Thank you for the suggestion. We now more extensively discuss these prior studies in the introduction (section 1b and 1c). We also revised this figure (now Fig. 1) to focus on what was previously figure 2 panel D.
P3L102 - Figure 2 - the phrase "Resistance to consuming some alkaloids" seems inappropriate - perhaps "Resistance to alkaloid poisoning after consumption" (or something similar) would be more accurate?
We changed this to “Low alkaloid resistance”.
P4L153 - "Accumulation of alkaloids in skin glands could help to prevent alkaloids from reaching their targets". This could be true, but why would skin glands be a preferred location of sequestration to avoid toxicity? The authors should explain why such glands would be particularly likely to serve as places of sequestration.
Thank you for pointing out this ambiguity. We decided to remove our discussion of sequestration into skin glands, because it is challenging to discuss this process in toxin resistance without too much speculation.
P4L154 - "Although direct evidence is lacking, some poison frogs may biotransform alkaloids into less toxic forms until they can be eliminated from the body, e.g., using cytochrome p450s". This would seem to contradict the argument of this process being a precursor to accumulating effective toxins.

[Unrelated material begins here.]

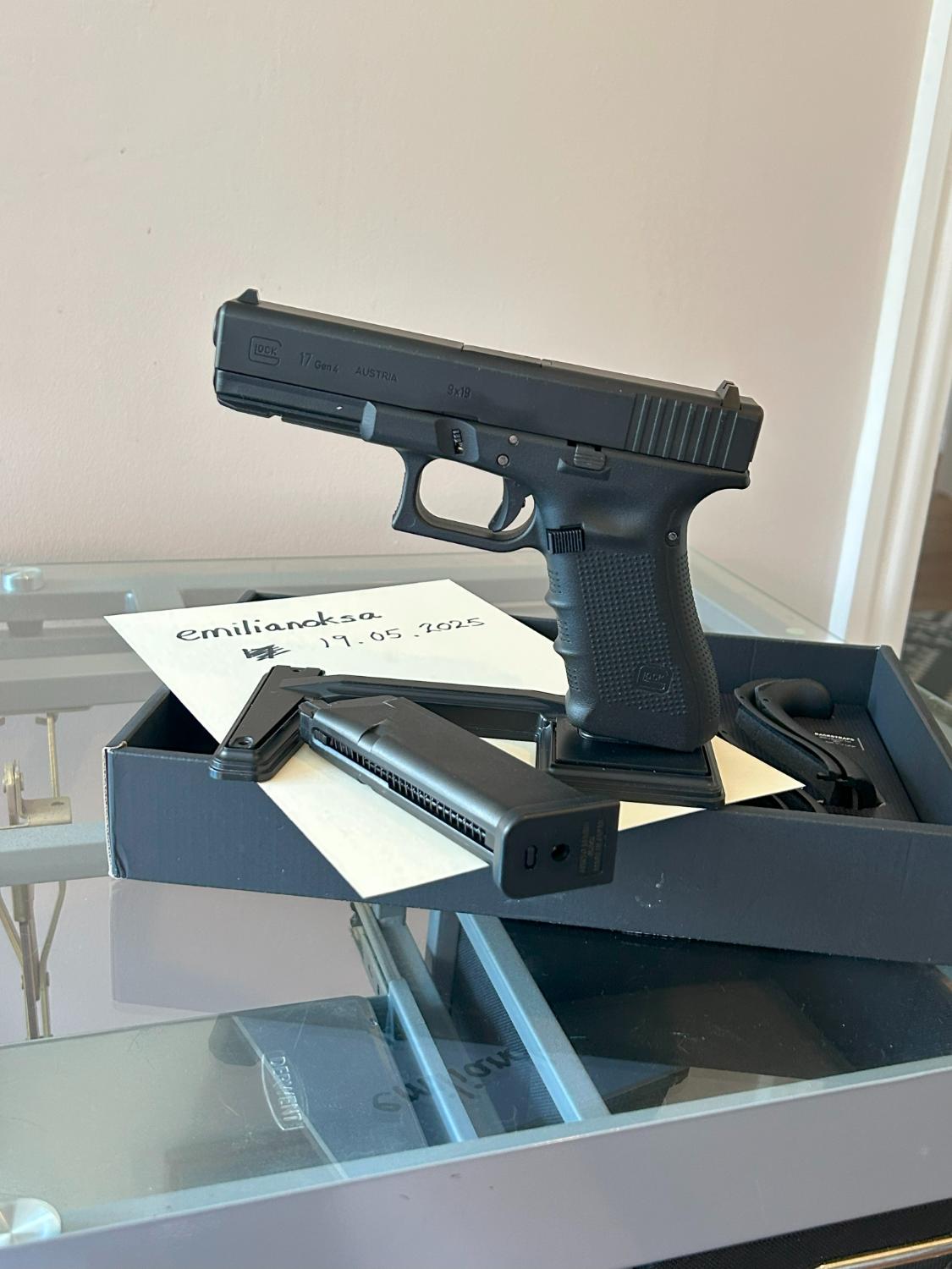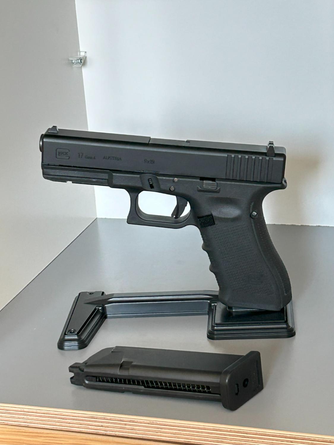 Comes with the Guarder nylon fibre frame if you want to fit it (they look good and have the correct Austrian markings) and a Laylax pistol display stand. I paid about 140 for the pistol, over 40 for the Guarder frame, and about 17 or 18 quid for the Laylax stand.

We agree that these processes seem contradictory. However, a few papers are starting to suggest that metabolic detoxification may be initially useful for lineages that eventually evolve toxin sequestration. This is because detoxification or elimination (clearance) of toxins allows increased intake of toxins. Because there is some delay in the removal of toxins from an animal’s body, increased consumption ultimately leads to higher toxin exposure and possible toxin diffusion into various body cavities, which can increase selective pressure to evolve other kinds of resistance mechanisms. This pattern was shown in an experiment with toxin-resistant fruit flies (Douglas et al., 2022). Many toxin-sequestering species still metabolize some toxins even if they sequester the majority – as we argue, the defense phenotype is the result of a balance among intake, elimination, and accumulation, all of which can interact simultaneously. In poison frogs specifically there is some evidence that p450s are upregulated after toxin consumption (Caty et al. 2019). One possible prediction is that the type of resistance that an animal has changes as toxin sequestration evolves. We talk a bit more about these patterns in section 2e.
P5L186 - Table 1 legend - change "defe" to "defended"
Corrected.
P12L414 - "do not appear to suffer substantially from doing so as it is part of their regular diet". I don't think this claim has been properly tested, as of yet. It would require looking at the effects of a diet with and without toxins over the lifespan of the frogs, and the impact of that difference on both survival and fertility.
Reviewer 1 also made this important observation, which we address above.
P12L432 - "for toxin-resistant organisms, there is little cost to accumulating a toxin, yet there may be benefits in doing so." Yet toxin resistance may itself be a continuous trait, so there may be a cost that depends on the degree of toxin resistance. I don't see why the authors are proposing toxin resistance as a discrete trait when their main point is that toxin accumulation is not.
We agree and removed this statement.